_Data shown_
####################

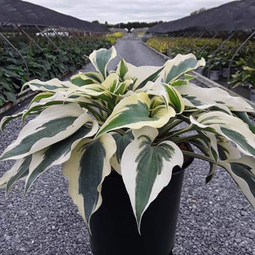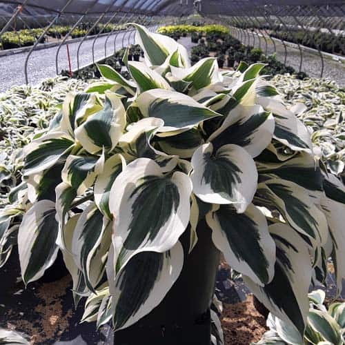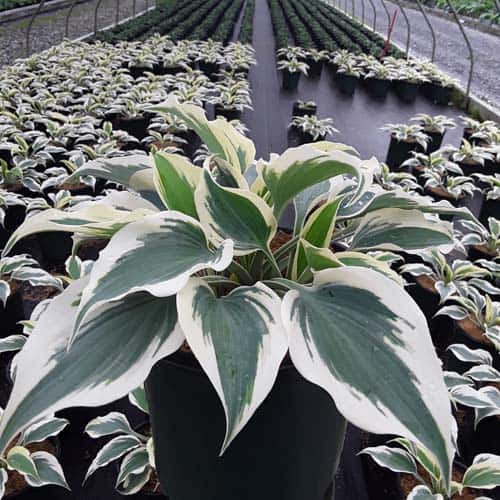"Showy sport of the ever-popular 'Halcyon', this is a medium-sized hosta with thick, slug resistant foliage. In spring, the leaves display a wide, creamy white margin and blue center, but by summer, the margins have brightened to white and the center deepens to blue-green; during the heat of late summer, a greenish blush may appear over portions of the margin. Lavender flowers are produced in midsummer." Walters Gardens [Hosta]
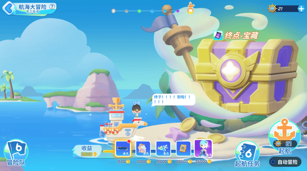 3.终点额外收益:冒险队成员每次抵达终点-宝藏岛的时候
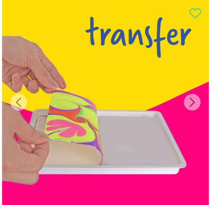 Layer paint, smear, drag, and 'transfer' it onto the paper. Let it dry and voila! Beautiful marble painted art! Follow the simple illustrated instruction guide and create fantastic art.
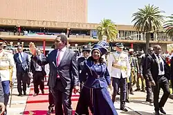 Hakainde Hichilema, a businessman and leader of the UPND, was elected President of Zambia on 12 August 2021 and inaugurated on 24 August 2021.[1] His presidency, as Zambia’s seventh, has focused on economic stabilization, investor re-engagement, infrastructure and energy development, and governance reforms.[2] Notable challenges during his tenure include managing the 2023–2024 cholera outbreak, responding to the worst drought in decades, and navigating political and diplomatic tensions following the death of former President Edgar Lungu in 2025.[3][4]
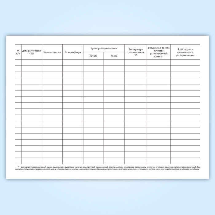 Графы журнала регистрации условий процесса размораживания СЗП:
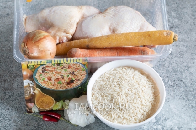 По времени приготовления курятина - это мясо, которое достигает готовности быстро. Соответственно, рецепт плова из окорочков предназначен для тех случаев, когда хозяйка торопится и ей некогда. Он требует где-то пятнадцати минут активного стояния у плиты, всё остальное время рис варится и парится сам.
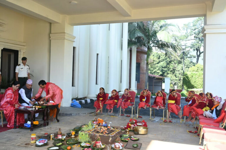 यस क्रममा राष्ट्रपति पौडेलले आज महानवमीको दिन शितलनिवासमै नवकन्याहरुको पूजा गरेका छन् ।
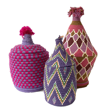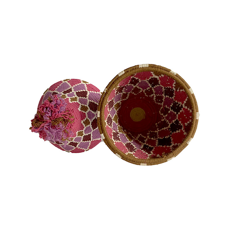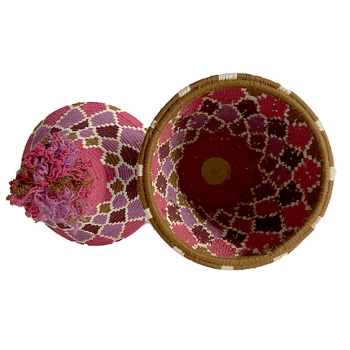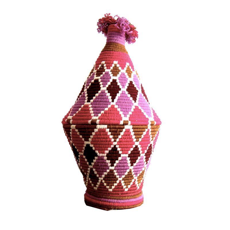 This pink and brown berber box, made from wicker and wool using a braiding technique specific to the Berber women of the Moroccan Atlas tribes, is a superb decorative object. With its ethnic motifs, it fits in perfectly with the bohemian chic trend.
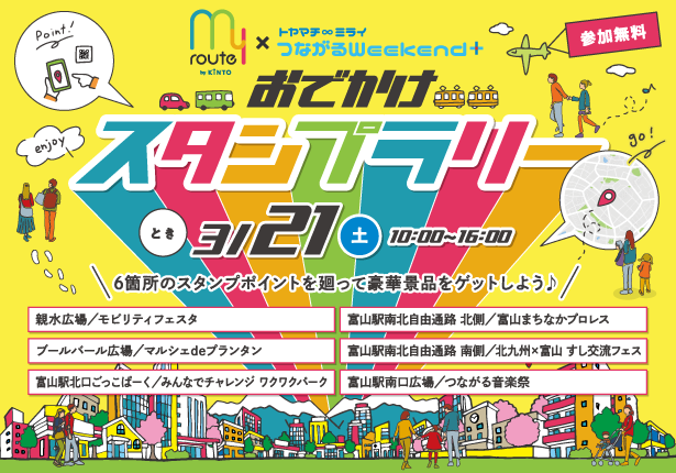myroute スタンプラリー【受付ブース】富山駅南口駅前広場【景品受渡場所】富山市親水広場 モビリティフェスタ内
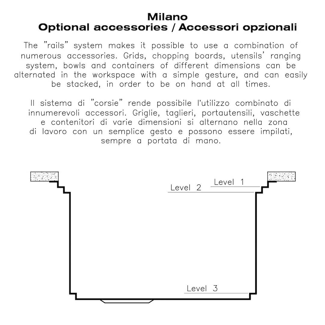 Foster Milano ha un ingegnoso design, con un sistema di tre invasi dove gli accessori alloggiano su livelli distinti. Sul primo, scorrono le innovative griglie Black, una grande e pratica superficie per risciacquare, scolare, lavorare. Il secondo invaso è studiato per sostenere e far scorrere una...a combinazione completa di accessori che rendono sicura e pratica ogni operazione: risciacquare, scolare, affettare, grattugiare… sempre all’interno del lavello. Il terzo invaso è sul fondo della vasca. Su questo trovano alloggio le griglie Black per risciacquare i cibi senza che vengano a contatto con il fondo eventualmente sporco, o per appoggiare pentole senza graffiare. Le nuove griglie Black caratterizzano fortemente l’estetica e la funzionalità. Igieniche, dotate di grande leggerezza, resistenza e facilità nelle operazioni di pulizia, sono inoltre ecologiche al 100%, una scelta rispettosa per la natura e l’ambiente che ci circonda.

####################

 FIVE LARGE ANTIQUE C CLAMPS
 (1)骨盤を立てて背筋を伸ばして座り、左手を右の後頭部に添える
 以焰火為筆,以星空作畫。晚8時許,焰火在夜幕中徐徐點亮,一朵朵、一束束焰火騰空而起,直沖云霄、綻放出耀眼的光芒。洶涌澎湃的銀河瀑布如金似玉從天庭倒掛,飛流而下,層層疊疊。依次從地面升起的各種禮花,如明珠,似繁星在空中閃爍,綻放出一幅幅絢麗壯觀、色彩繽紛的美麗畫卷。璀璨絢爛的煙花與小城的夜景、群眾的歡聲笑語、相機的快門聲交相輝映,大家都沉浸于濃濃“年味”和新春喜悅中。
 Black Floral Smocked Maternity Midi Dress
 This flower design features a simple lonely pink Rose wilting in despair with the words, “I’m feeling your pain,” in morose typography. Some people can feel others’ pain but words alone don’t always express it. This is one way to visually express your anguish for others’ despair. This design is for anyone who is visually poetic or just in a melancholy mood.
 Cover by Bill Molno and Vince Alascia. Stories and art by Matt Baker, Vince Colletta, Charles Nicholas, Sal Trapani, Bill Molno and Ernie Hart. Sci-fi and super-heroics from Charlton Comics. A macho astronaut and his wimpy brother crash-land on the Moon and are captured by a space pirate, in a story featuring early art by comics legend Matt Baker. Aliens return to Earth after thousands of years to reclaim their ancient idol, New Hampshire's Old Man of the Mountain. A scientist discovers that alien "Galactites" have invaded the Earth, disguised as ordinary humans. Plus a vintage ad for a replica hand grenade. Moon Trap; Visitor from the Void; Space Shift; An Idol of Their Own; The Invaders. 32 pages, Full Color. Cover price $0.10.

####################

_Your assignment_
Return the stretch of data that begins with the line showing "Hakainde Hichilema, a" and goes on through the line showing "Графы журнала регистрации", exactly, with pictures removed.

_Result for this task_
 Hakainde Hichilema, a businessman and leader of the UPND, was elected President of Zambia on 12 August 2021 and inaugurated on 24 August 2021.[1] His presidency, as Zambia’s seventh, has focused on economic stabilization, investor re-engagement, infrastructure and energy development, and governance reforms.[2] Notable challenges during his tenure include managing the 2023–2024 cholera outbreak, responding to the worst drought in decades, and navigating political and diplomatic tensions following the death of former President Edgar Lungu in 2025.[3][4]
 Графы журнала регистрации условий процесса размораживания СЗП:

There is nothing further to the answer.